And as for PCRs... We finish them sometime during the day and once we submit them to NM EMSTARS they get faxed to the hospital. We don't give paper run forms to the hospitals.


----------



## EMTswag (Jul 11, 2011)

Dougy said:


> No guidelines here. The nurses at the receiving ER's ask us all the questions they need. We give them a copy of our runsheet so they have everything we had. They sign off that they are taking care, and we are out of there.
> 
> 
> 
> We used to use HEAR radio's.. before my time (I'm 18, just started last November).. now it's cell phone for most of the ER's except HUMC, where we just show up.



Yeah no hospital in my area actually answers HEAR anymore haha. And I think I know where youre going with that... MOST hospitals we call ahead to, except that one hospital whose staff we all hate


----------



## Too Old To Work (Jul 12, 2011)

I just keep talking til the nurse has had enough and assigns me a room. It usually doesn't take that long. Sometimes I'll eat onions for lunch and stand real close to her. That often speeds things up. Occasionally, just to see if they are listening, I'll throw in patient's favorite vegetable, shoe size, and birth stone.


----------



## 8jimi8 (Jul 12, 2011)

MIVT:

Mechanism of injury

Injuries sustained

Vitals

Treatment

If they need more, give the sample hx.  Speak up, so the doc and the techs can hear you.


----------



## Melclin (Jul 13, 2011)

All this strict structure makes me think of the staccato talking EMT on American TV shows like ER. 

I find in general handover is more of a conversation and the structure changes depending on the pt. 

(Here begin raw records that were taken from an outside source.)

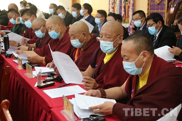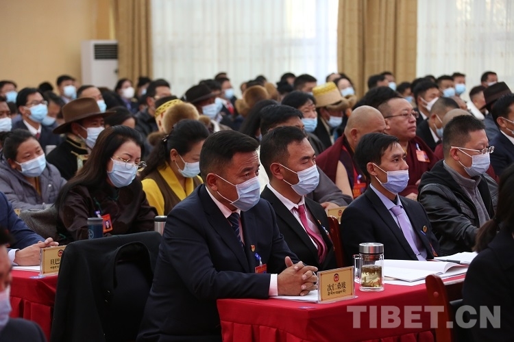 圖為政協(xié)委員聽取政協(xié)第十一屆拉薩市委員會(huì)常務(wù)委員會(huì)向大會(huì)所作的工作報(bào)告 攝影:王佳豪
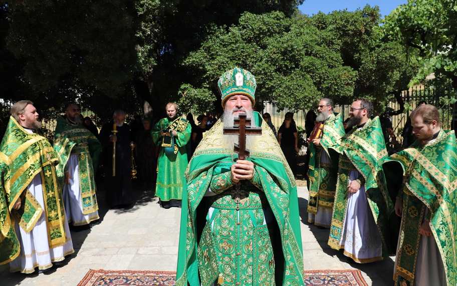 После отпуста Божественной литургии был совершен крестный ход к главной святыне хевронского подворья Миссии – Мамврийскому дубу, где архимандрит Александр прочел праздничное Евангельское зачало и окропил богомольцев освященной водой. Затем были возглашены уставные многолетия.
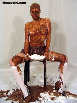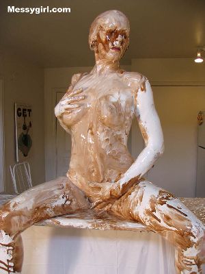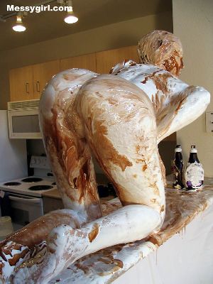 Sexy Nikki covers herself in sticky marshmallow cream and chocolate syrup. She ends up head to toe messy and nude!
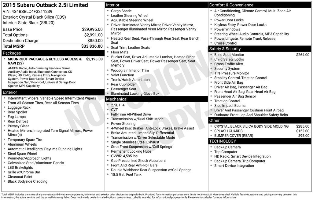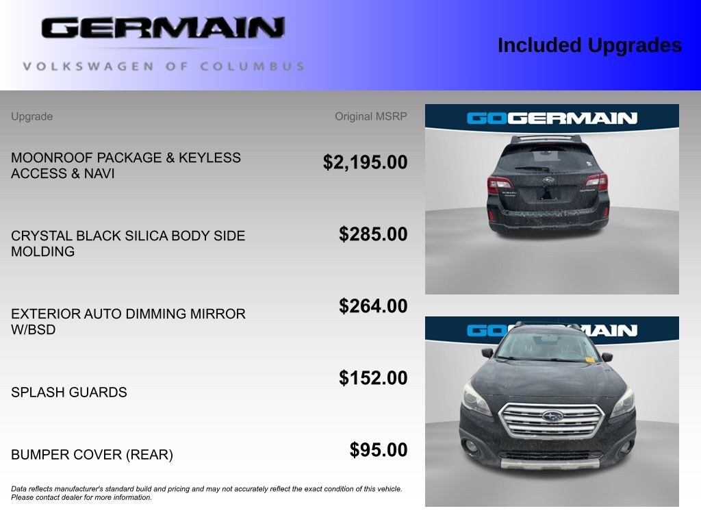 Don't miss your chance to own this exceptional 2015 Subaru Outback 2.5i Limited. Visit our showroom today and experience the perfect blend of capability, comfort, and style that this vehicle has to offer. We're confident you'll be impressed by its exceptional value and performance.
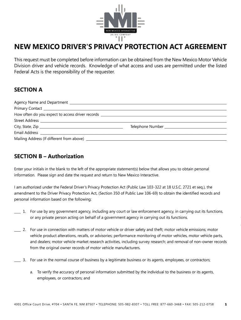 NEW MEXICO DRIVER IS PRIVACY PROTECTION ACT AGREEMENT This request must be completed before information can be obtained from the New Mexico Motor Vehicle Division driver and vehicle records. Knowledge
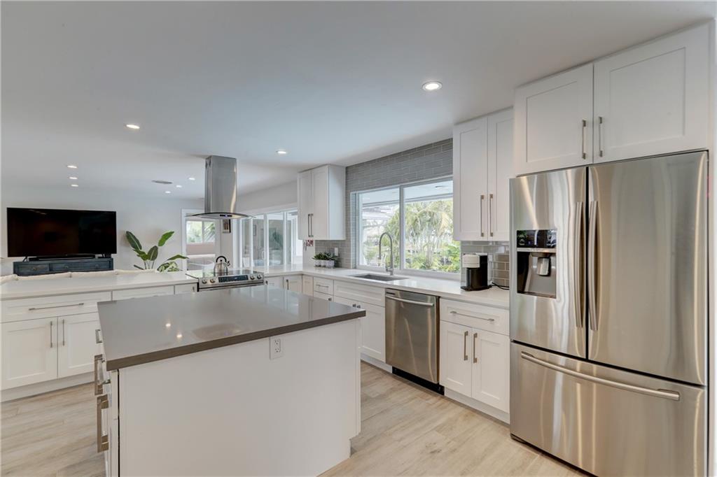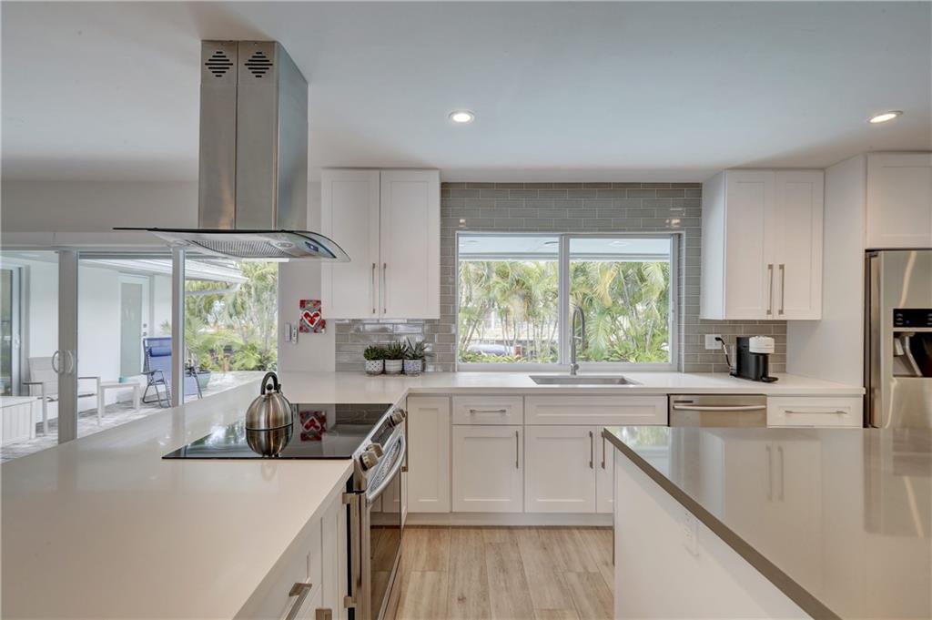 Modern Waterfront Masterpiece! Located on a quiet cul-de-sac this property literally has it all! Enter to an open floor plan with an expansive, open kitchen, 8-person bar, large island, stylish shaker cabinetry, quartz tops with top-of-the-line appliances. Italian porcelain floorings, 3 panel doors, luxurious bathrooms with floating Italian vanities, custom closets, motorized window treatments and new washer/dryer. Hurricane ready with new impact glass doors, windows, garage door and new roof. Enjoy resort style living surrounded by lush tropical landscaping with Brazilian teak accents, newly Diamond Brited pool, new pool heater, new gutters, new perimeter fence, full home generator, poured concrete driveway. Dock is completely boat ready with new planking, whips, water and power!
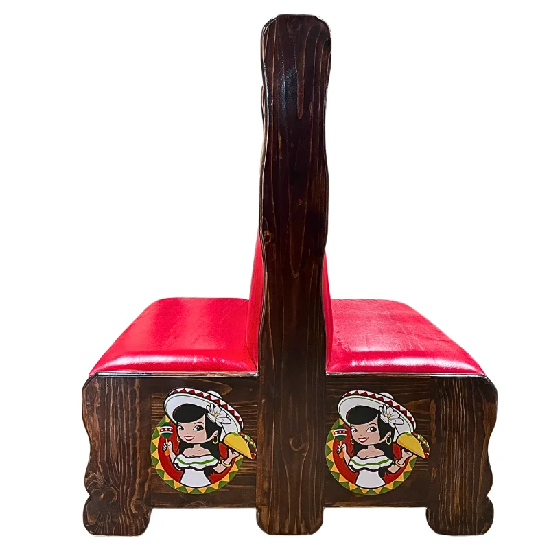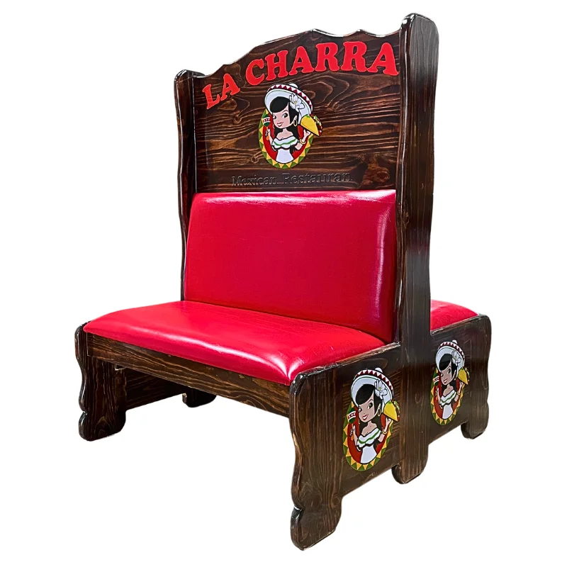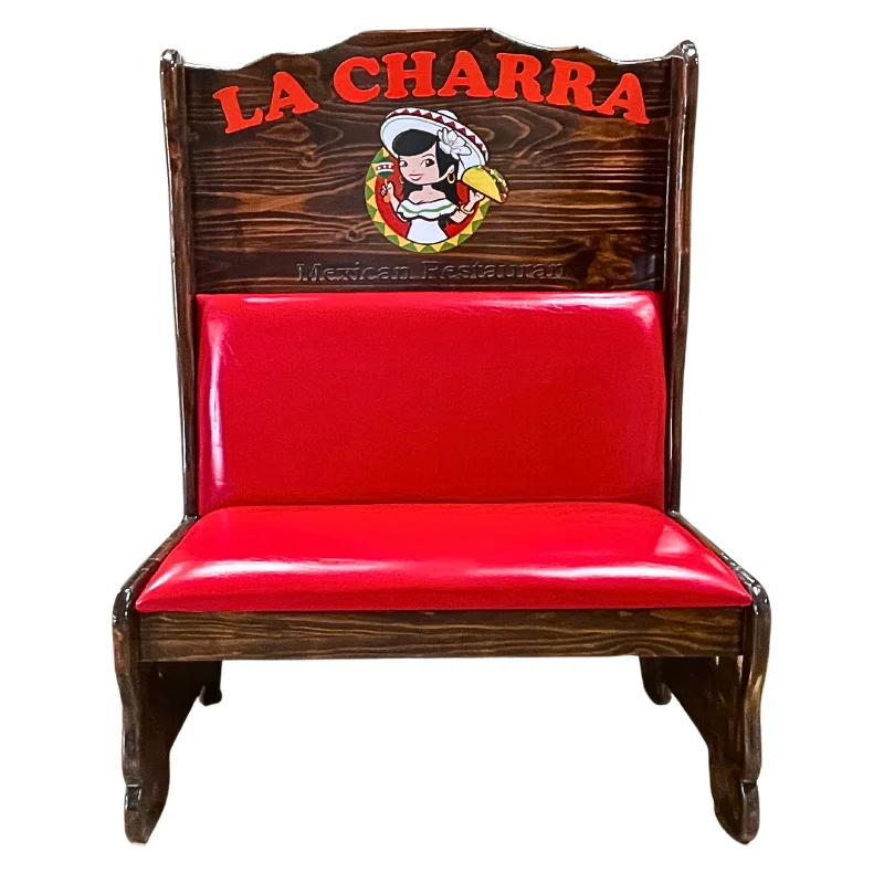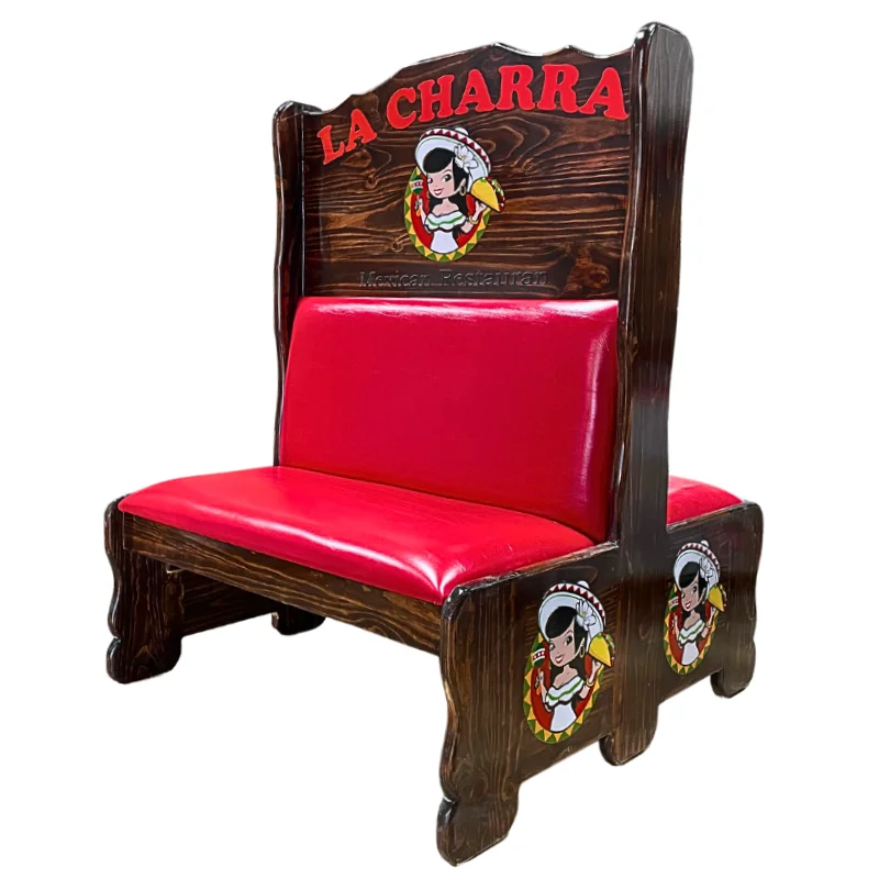 Booth rustico de madera color almendra oscuro, hecho a mano con gravado el nombre y logotipo del restaurante pintado a mano, vinil en el asiento y respaldo de color rojo. llevan doble refuerzo y el vinil es industrial, especialmente disenados para mayor durabilidad y resistencia al uso rudo del restaurante.
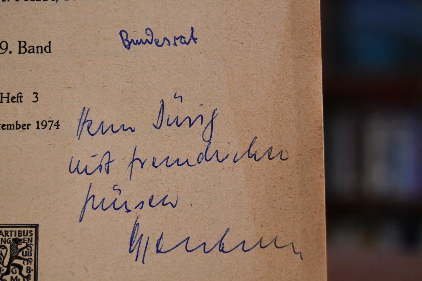 Beschreibung Einband berieben, bestoßen und angeschmutzt. Rücken mit Einrissen. Mit handschriftlicher Widmung von Fritz Ossenbühl auf dem Vorderdeckel und Günter Dürigs handschriftliche Zuordnung ebenda.
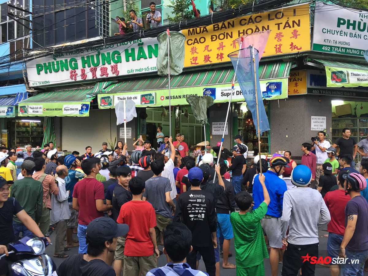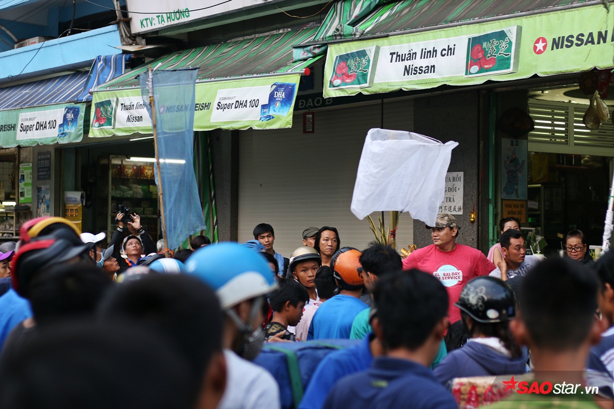Dẫu rằng 16h30 mới bắt đầu lễ cúng và 17h mới bắt đầu rãi tiền nhưng từ 15h30 hàng chục người dân sống xung quanh khu vực Chợ Lớn đã náo nức vây quanh hiệu thuốc ở vòng xoay Phùng Hưng - Trần Hưng Đạo để chuẩn bị giật cô hồn và nhận quà từ thiện.
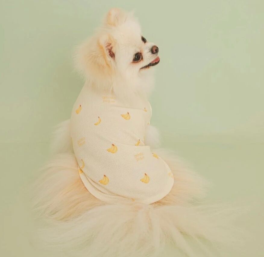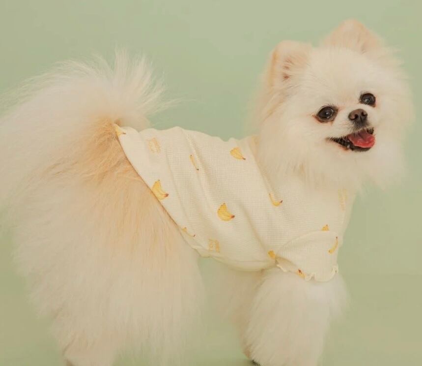 柔らかなワッフル編みカットソーに、色とりどりのフルーツ柄をプリントしたCAT&DOG用プルオーバーです。春を感じる明るいカラーリングと、メローを効かせた袖がキュートな印象。色はストロベリー柄のピンク、バナナ柄のイエロー、メロン柄のグリーンの全3色です。ほかに、同シリーズのニットプルオーバーやトイもご用意しています。
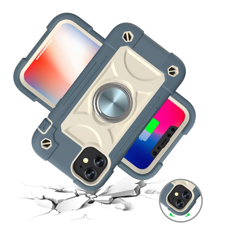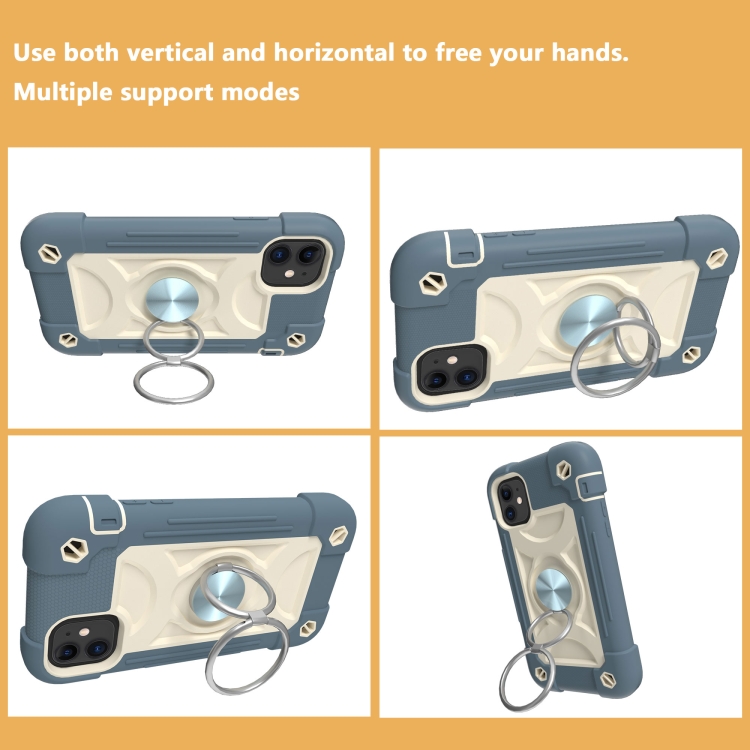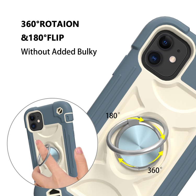 Funda Protectora para iPhone 11 Pro Max Silicona y PC con Soporte Doble Anillo (Azul)
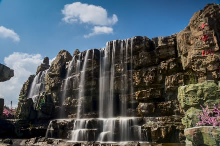 水簾洞水流湍急,寬60米,比著名的黃果樹瀑布還要寬30多米。這里的山巖是從真實的石頭上翻制下來,用玻璃鋼鑄片組裝,周圍的植物都是高仿真植物,包括棕櫚在內(nèi)的十多種品種。
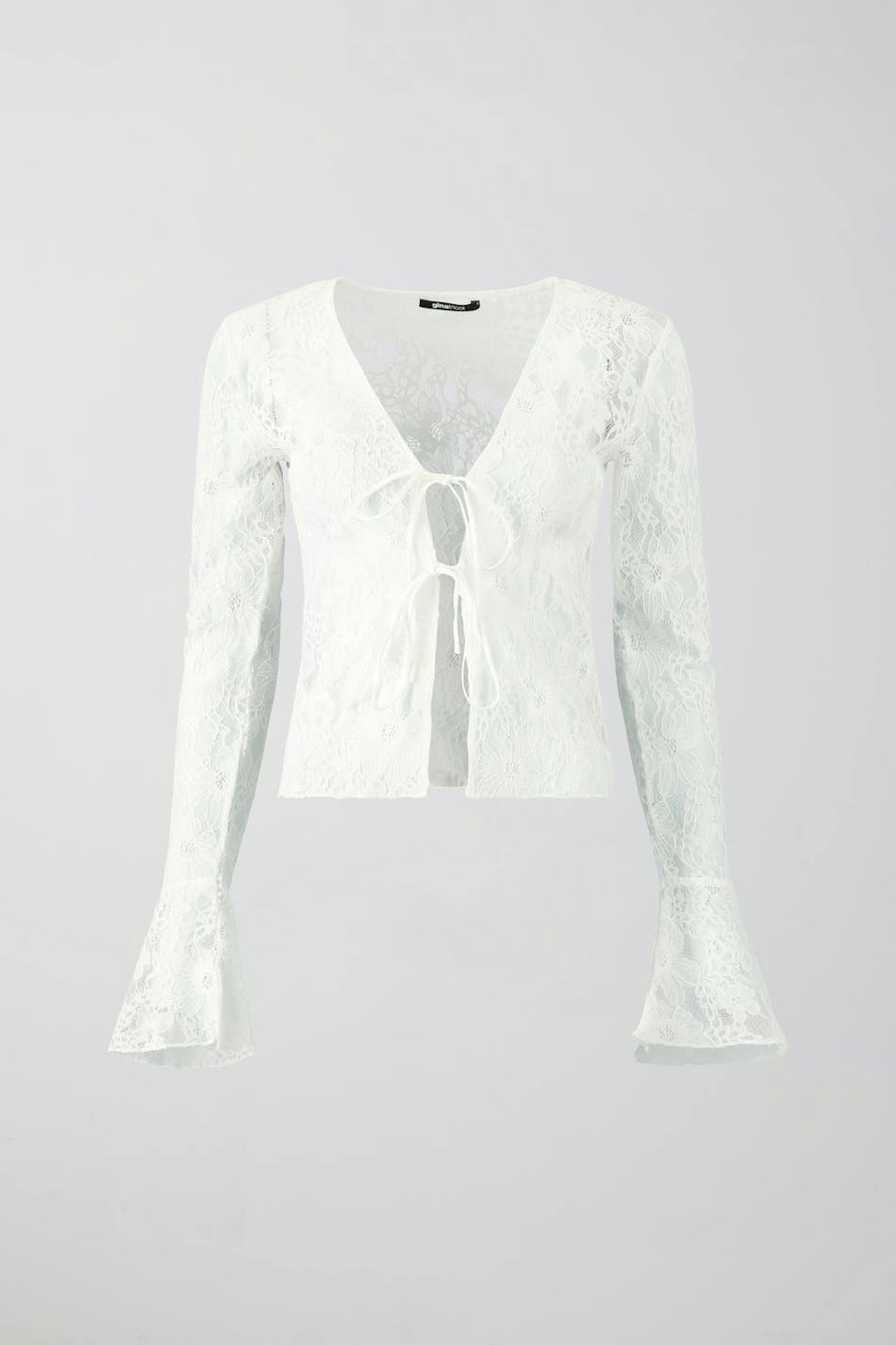 Oberteil aus Spitze mit Kordeln vorne. Das Oberteil ist weiβ und hat ausgestellte Ärmelende.

This is John, now you've gotta watch John he's cheeky aren't you John. Anyway John has a 1 month hx of chest pain on exertion. It hasn't been previously investigated or anything, ahhh, he's then experienced the sudden onset at rest of what he describes as heavy central chest pain radiating to to his R shoulder at about 10 this morning, so about 2 hours ago now. He waited around for a bit before calling us and we've got to him about 45 mins ago, found him to have what sounds like cardiac chest pain and some nausea. He's been haemodynamically stable the whole time, obs unremarkable other than some mild hypertension at 160/85, we've given him 300 of aspirin of course, 2 lots of 300mcg GTN, his pain hasn't changed at all, we've then popped a total of 7.5mg of morph in, and he's now pain free. He's also had 10 of maxolon to good effect. Ah...he doesn't have any cardiac hx and the only other medical hx is diabetes...yep type 2... ahh, and no allergies.  

Trauma centre handovers are a bit more formal.
This is 62 year old John. John was the driver of a family sedan that was involved in a high speed head on collision at approximately 1630 this afternoon. There was significant cabin intrusion killing the other two passengers and trapping John so there was about a 40 minute delay for extrication and we found him to have significant blunt injuries to his head, a flail segment, and an open fracture to his L tib fib. He was initially GCS 13, hypotensive at 75 systolic before the extrication and in considerable pain, responsive to 2 L of saline and 45 of morphine. Last pressure was 125/85 at HR 98, Saturating well on 8 litres but he does desaturate quickly without o2 and he's been throwing VEs fairly often. Equal breath sound bilaterally, still GCS 13, No meds, hx or allergies that we've been able to ascertain. 

Then come the steady stream of further questions from the trauma team.   

We rarely give hospital notification unless people are seriously ill. The last hospital note I gave went: "Ah yes, ______ Hospital, we're about 15 out with an 82 year old male post conscious collapse at 2330, presenting with R sided hemiplegia and dysphasia - ?stroke. He's GCS 15 and hypertensive at 185 over 85. Has a BSL of 3.9 that we're correcting now and unless there's anything further we'll see you in 15." 

I don't know that they're perfect, but these are all handovers that I've given, they were well received.


----------



## lightsandsirens5 (Jul 13, 2011)

No agency specific SOGs. I have kinda developed my own way. Like Melclin says, it is kind of conversational. 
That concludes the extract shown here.